::: Records supplied :::

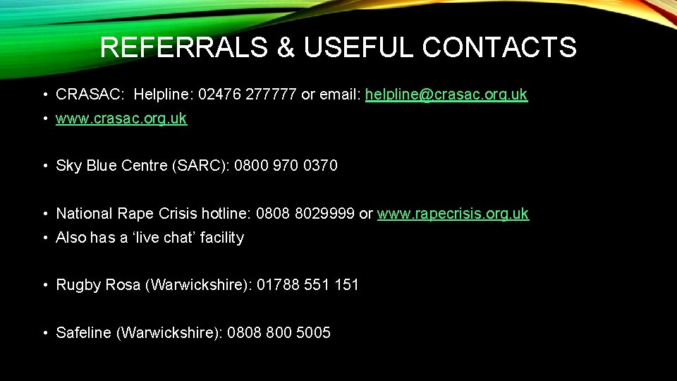 1-800-799-SAFE National Domestic Violence Hotline 1-800-787-3224 National Domestic Violence Hotline (TDD) 1-800-448-4663 National Youth Crisis Hotline U .K . Helplines 0845 790 9090 The Samaritans 0800 1111 Child line 0800 567 123 National AIDS helpline 0345 023 468 Women's Aid National Domestic Violence Helpline
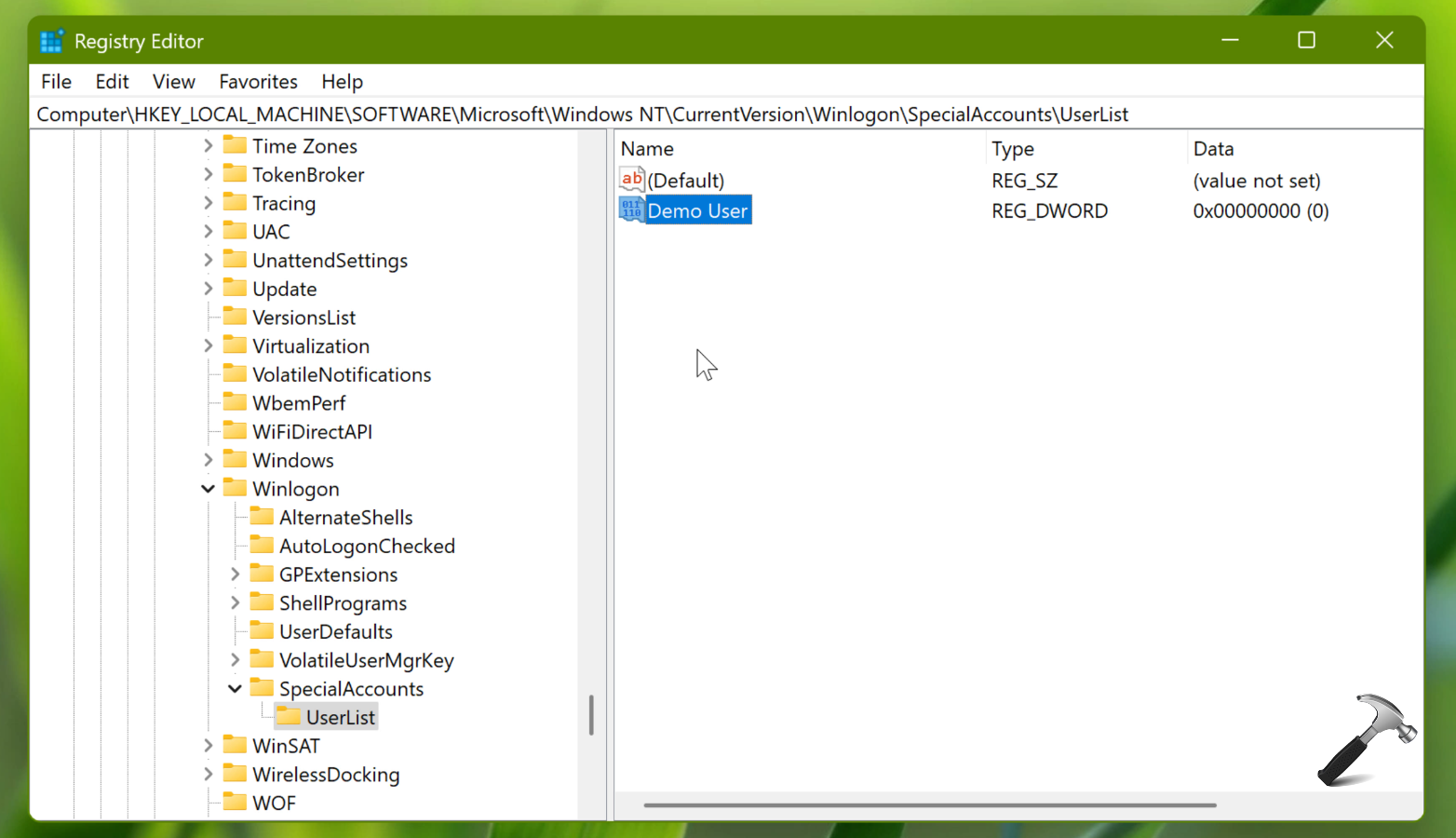 Metoda 2 – Ukryj określone konto użytkownika za pomocą rejestru
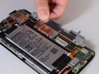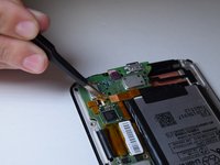 Gently lift up the motherboard and use the blunt tweezers to detach the black antenna cable connector near the top of the battery.
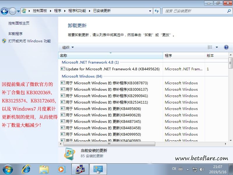 10、集成系统更新至2019年5月(约80+个),含 Windows7 SHA-2 补丁 KB4474419、KB4490628,含最新3389端口勒索漏洞补丁KB4499175;
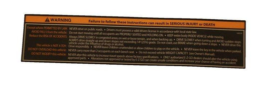 603872 The E-Z-GO Golf Car Safety Label is an informative label used on Gas & Electric vehicles that provides useful safety and warning facts t...
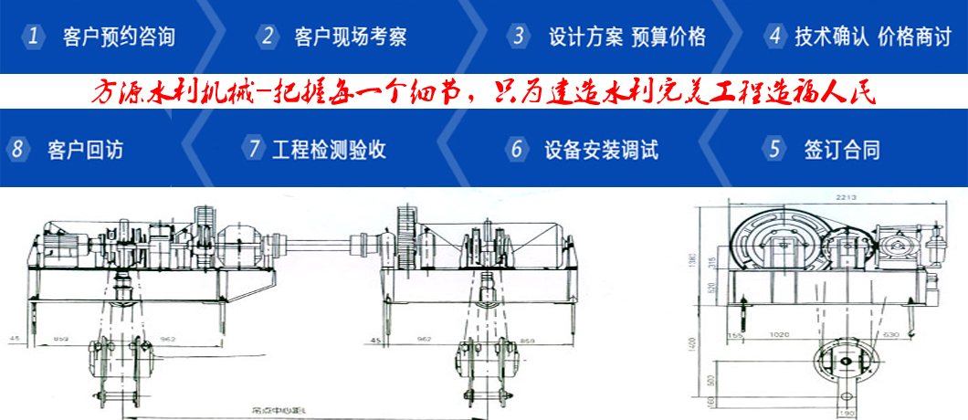 方源水利機(jī)械是制造、銷售、安裝一體化的規(guī)模型水利工程機(jī)械生產(chǎn)企業(yè),產(chǎn)品有卷揚(yáng)式啟閉機(jī)、螺桿式啟閉機(jī)、抓斗式清污機(jī)、抓斗清污機(jī)、
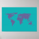 blå världsomspännande karta poster
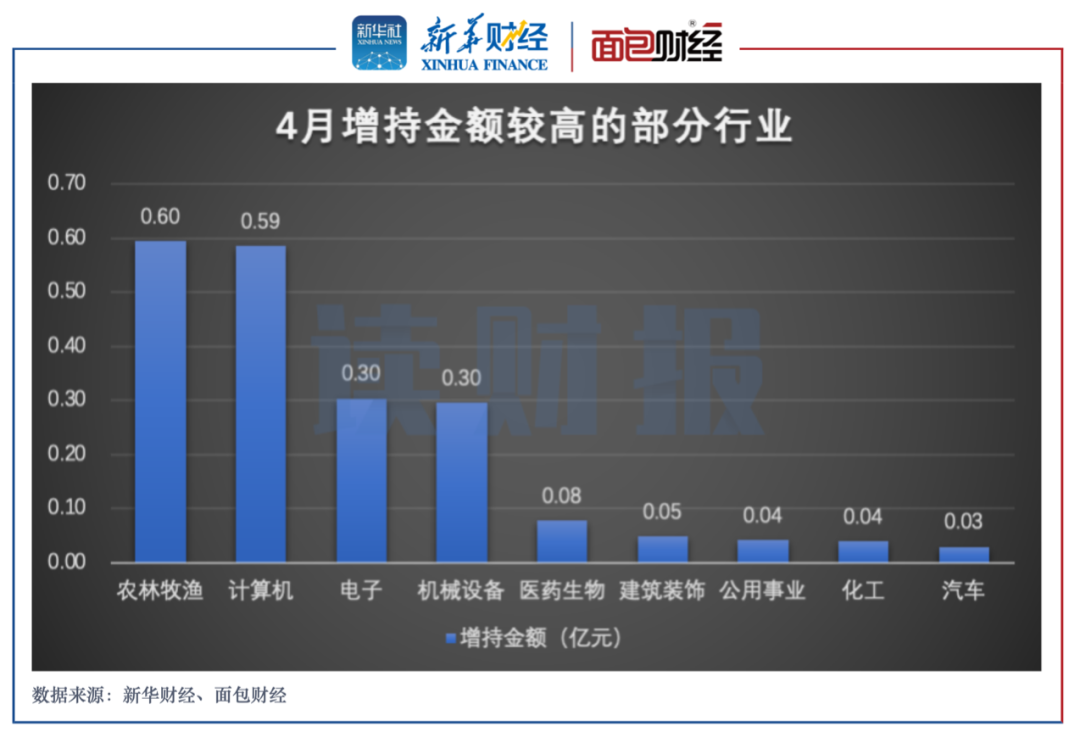 申万行业分类下,农林牧渔行业的增持金额排在首位,约为0.6亿元;计算机行业的增持金额排在第二,约为0.59亿元;电子行业和机械设备行业的增持金额也排名靠前,均约为0.3亿元。
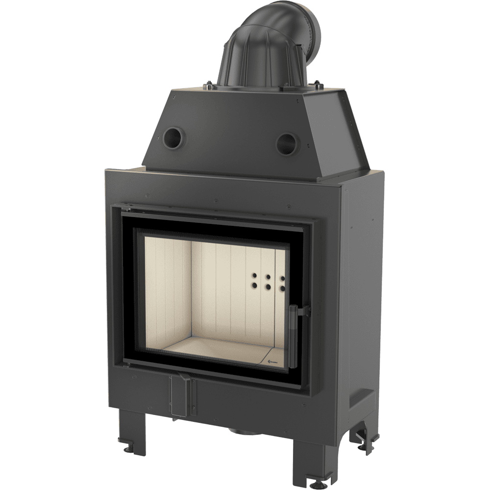 MAXIMUM USE OF ENERGY - Made of high quality steel resistant to very high temperatures. Efficient burning process & maintaining of temperature to keep the warmth for longer thanks to lining of combustion chamber with TERMOTEC - heat accumulating material which raises the temperature in the combustion chamber. High flue and smoke tube which are transversely located - increases the area of heat echange between the insert and the surrounding. Reducing the temperature of the gas exhaust helps to increase the efficiency of the device. Fireplace`s doors resistant to tensions and stable thanks to the use of closed profile. Door seals designed in profiled canal what guarantees proper adherence and protects against ewentual falling out while operating. Combustion of fuel particles thanks to deflector, which extends the exhaust gas path. Air supplied from outside only thanks to biult-in an external air inlet fi 125mm. Air adjustment with just one regulator which prevents from improper usage. Triple air system of combustion chamber: primary air - directed to combustion plate; secondary air supplied by the holes located in the back wall. Additionally, the system of air clean glass has been applied (curtain air).
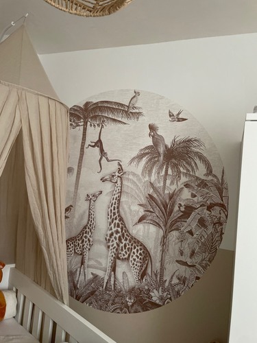 Hier gekozen voor het volledige behang in kleur bruin (misschien wat moeilijl te zien met de belichting). Wel een best prijzig behang. Nadien nog een andere print gekocht voor de kamer van ons oudere zoontje (met dezelde afmetingen) en het Pimpelmees behang was 3 keer zo duur...
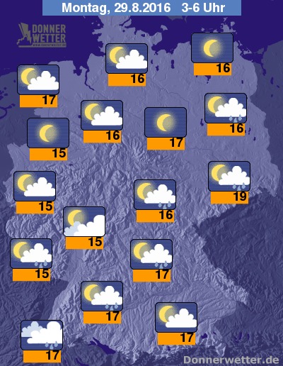 In der bevorstehenden Nacht bilden sich besonders über der Südosthälfte gebietsweise kräftige Schauer und Gewitter, häufig ist es hier aber auch nur leicht oder aufgelockert bewölkt. Weiter nach Nordwesten hin zeigt sich der Himmel hingegen überwiegend locker bewölkt oder sternenklar und es bleibt weitgehend trocken. Die Temperatur sinkt auf 19 Grad in Dresden und bis etwa 15 Grad im Saargau.
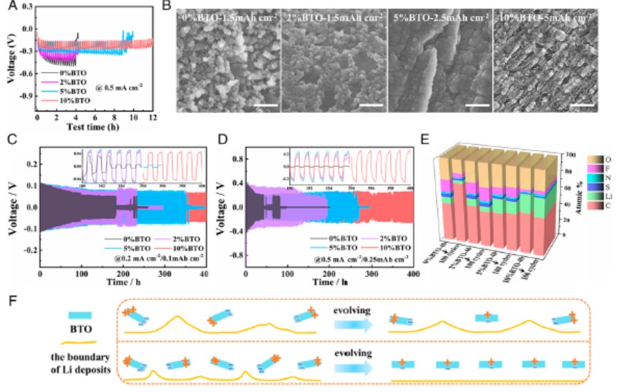 因具有高能量密度和高安全性等优点,固态金属锂电池被广泛认为是下一代电池的重要研发方向。锂枝晶的生长是诱发界面不稳定行为和电池安全隐患的重要因素,但迄今在任何固体电解质中都很难完全避免枝晶锂的形成。必一在线平台(中国)官网林应斌教授、黄志高教授团队将具有介电/铁电效应的BaTiO3纤维融入到固态电介质中,调控锂枝晶的成核与生长过程。理论模拟研究发现,固态电解质中BaTiO3的介电效应可以有效减少高电流密度下锂枝晶生长驱动力,铁电效应则可以降低过电势进而调控锂沉积和Li+流。系列先进表征技术表明,固态电解质中极化反转确实可以调控锂的沉积和形貌。以LiFePO4为正极、以融有BaTiO3的石榴石PEO聚合物为电解质组装成固态电池具有稳定的循环寿命,在1C电流密度下循环500圈后仍有103.2 mAh/g。
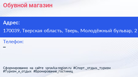 Обувной магазин по адресу 170039, Тверская область, Тверь, Молодёжный бульвар, 2 в дальнейшем Организация, размещена в следующих категориях:
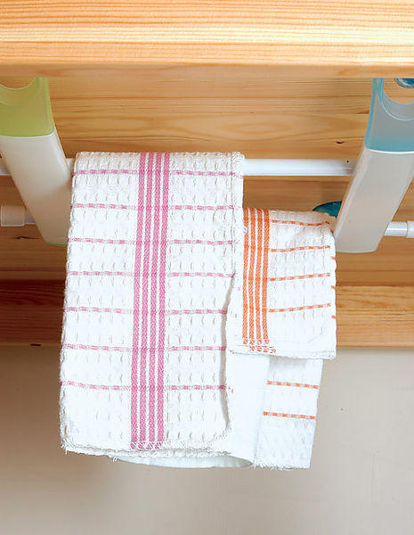 將兩個毛巾架平行固定在廚房壁櫃下方,架上兩個伸縮桿,就能多掛上好幾條抹布。
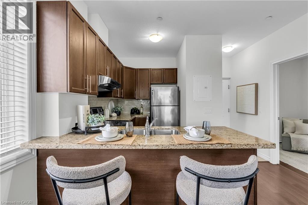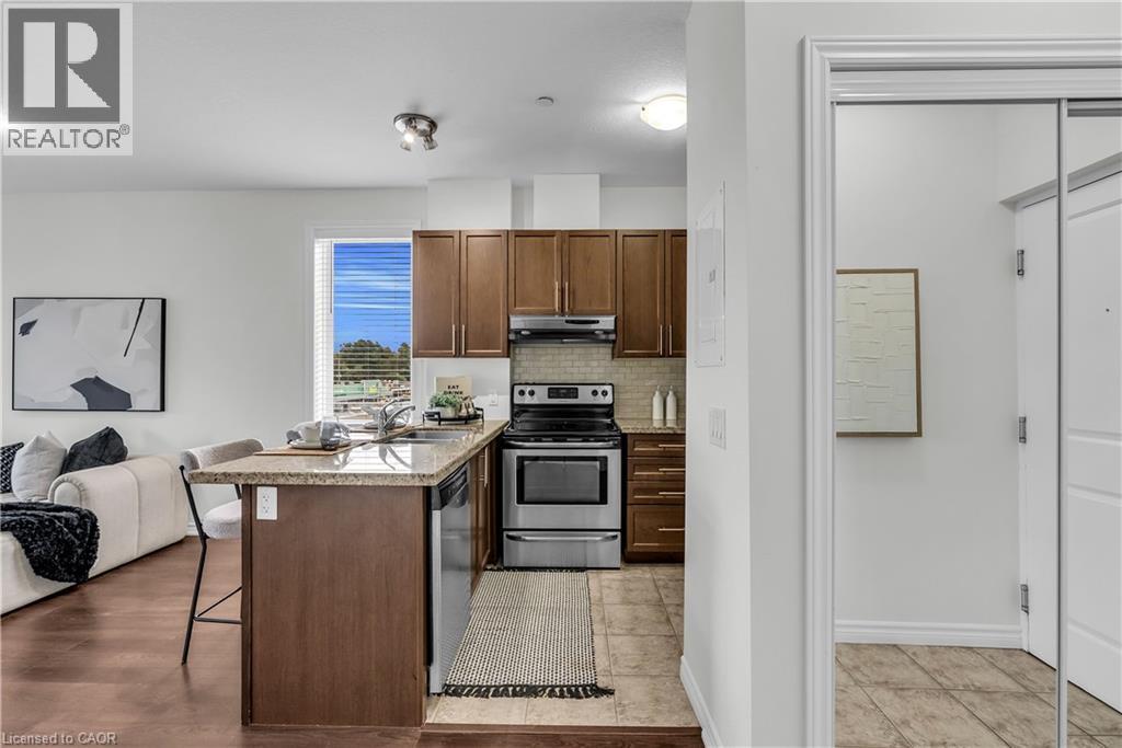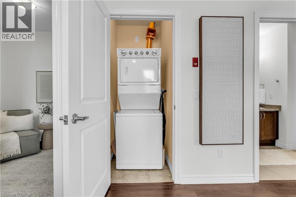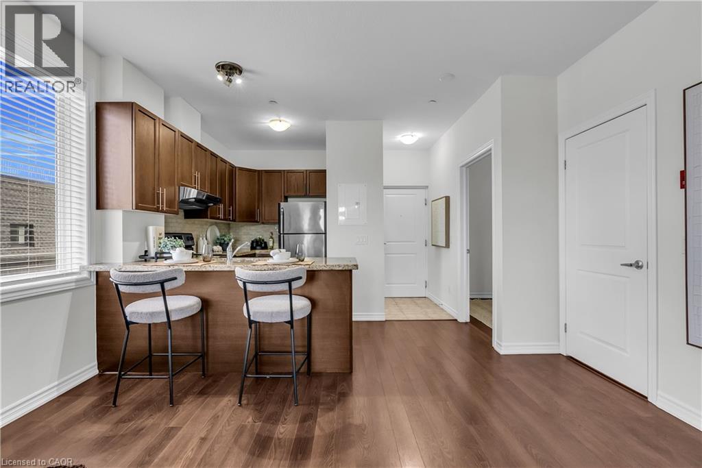 Attn: First time buyers or downsizers. This is the unit that you have been waiting for, Shows 10+++ Immaculate.  Location Location, quality built in the heart of Ancaster, rarely offered in this building spacious 3rd floor (721 sq ft) 2 bedroom, END UNIT with extra windows provides for bright natural light throughout. Immaculate freshly painted, featuring high end laminate flooring, granite countertops, 9 ft. ceilings and large private balcony, one underground parking spot, ensuite privilege, in suite laundry.  High walk score. Steps to Fortino's, Food Basics, TD Bank, Shoppers, walking trails and more. Easy access to 403, This unit is PRICED TO SELL and will not last. Call now your for your private showing! (id:46441)

:::

Quote every record above exactly, leaving out the pictures.

(Result of the task):
 1-800-799-SAFE National Domestic Violence Hotline 1-800-787-3224 National Domestic Violence Hotline (TDD) 1-800-448-4663 National Youth Crisis Hotline U .K . Helplines 0845 790 9090 The Samaritans 0800 1111 Child line 0800 567 123 National AIDS helpline 0345 023 468 Women's Aid National Domestic Violence Helpline
 Metoda 2 – Ukryj określone konto użytkownika za pomocą rejestru
 Gently lift up the motherboard and use the blunt tweezers to detach the black antenna cable connector near the top of the battery.
 10、集成系统更新至2019年5月(约80+个),含 Windows7 SHA-2 补丁 KB4474419、KB4490628,含最新3389端口勒索漏洞补丁KB4499175;
 603872 The E-Z-GO Golf Car Safety Label is an informative label used on Gas & Electric vehicles that provides useful safety and warning facts t...
 方源水利機(jī)械是制造、銷售、安裝一體化的規(guī)模型水利工程機(jī)械生產(chǎn)企業(yè),產(chǎn)品有卷揚(yáng)式啟閉機(jī)、螺桿式啟閉機(jī)、抓斗式清污機(jī)、抓斗清污機(jī)、
 blå världsomspännande karta poster
 申万行业分类下,农林牧渔行业的增持金额排在首位,约为0.6亿元;计算机行业的增持金额排在第二,约为0.59亿元;电子行业和机械设备行业的增持金额也排名靠前,均约为0.3亿元。
 MAXIMUM USE OF ENERGY - Made of high quality steel resistant to very high temperatures. Efficient burning process & maintaining of temperature to keep the warmth for longer thanks to lining of combustion chamber with TERMOTEC - heat accumulating material which raises the temperature in the combustion chamber. High flue and smoke tube which are transversely located - increases the area of heat echange between the insert and the surrounding. Reducing the temperature of the gas exhaust helps to increase the efficiency of the device. Fireplace`s doors resistant to tensions and stable thanks to the use of closed profile. Door seals designed in profiled canal what guarantees proper adherence and protects against ewentual falling out while operating. Combustion of fuel particles thanks to deflector, which extends the exhaust gas path. Air supplied from outside only thanks to biult-in an external air inlet fi 125mm. Air adjustment with just one regulator which prevents from improper usage. Triple air system of combustion chamber: primary air - directed to combustion plate; secondary air supplied by the holes located in the back wall. Additionally, the system of air clean glass has been applied (curtain air).
 Hier gekozen voor het volledige behang in kleur bruin (misschien wat moeilijl te zien met de belichting). Wel een best prijzig behang. Nadien nog een andere print gekocht voor de kamer van ons oudere zoontje (met dezelde afmetingen) en het Pimpelmees behang was 3 keer zo duur...
 In der bevorstehenden Nacht bilden sich besonders über der Südosthälfte gebietsweise kräftige Schauer und Gewitter, häufig ist es hier aber auch nur leicht oder aufgelockert bewölkt. Weiter nach Nordwesten hin zeigt sich der Himmel hingegen überwiegend locker bewölkt oder sternenklar und es bleibt weitgehend trocken. Die Temperatur sinkt auf 19 Grad in Dresden und bis etwa 15 Grad im Saargau.
 因具有高能量密度和高安全性等优点,固态金属锂电池被广泛认为是下一代电池的重要研发方向。锂枝晶的生长是诱发界面不稳定行为和电池安全隐患的重要因素,但迄今在任何固体电解质中都很难完全避免枝晶锂的形成。必一在线平台(中国)官网林应斌教授、黄志高教授团队将具有介电/铁电效应的BaTiO3纤维融入到固态电介质中,调控锂枝晶的成核与生长过程。理论模拟研究发现,固态电解质中BaTiO3的介电效应可以有效减少高电流密度下锂枝晶生长驱动力,铁电效应则可以降低过电势进而调控锂沉积和Li+流。系列先进表征技术表明,固态电解质中极化反转确实可以调控锂的沉积和形貌。以LiFePO4为正极、以融有BaTiO3的石榴石PEO聚合物为电解质组装成固态电池具有稳定的循环寿命,在1C电流密度下循环500圈后仍有103.2 mAh/g。
 Обувной магазин по адресу 170039, Тверская область, Тверь, Молодёжный бульвар, 2 в дальнейшем Организация, размещена в следующих категориях:
 將兩個毛巾架平行固定在廚房壁櫃下方,架上兩個伸縮桿,就能多掛上好幾條抹布。
 Attn: First time buyers or downsizers. This is the unit that you have been waiting for, Shows 10+++ Immaculate.  Location Location, quality built in the heart of Ancaster, rarely offered in this building spacious 3rd floor (721 sq ft) 2 bedroom, END UNIT with extra windows provides for bright natural light throughout. Immaculate freshly painted, featuring high end laminate flooring, granite countertops, 9 ft. ceilings and large private balcony, one underground parking spot, ensuite privilege, in suite laundry.  High walk score. Steps to Fortino's, Food Basics, TD Bank, Shoppers, walking trails and more. Easy access to 403, This unit is PRICED TO SELL and will not last. Call now your for your private showing! (id:46441)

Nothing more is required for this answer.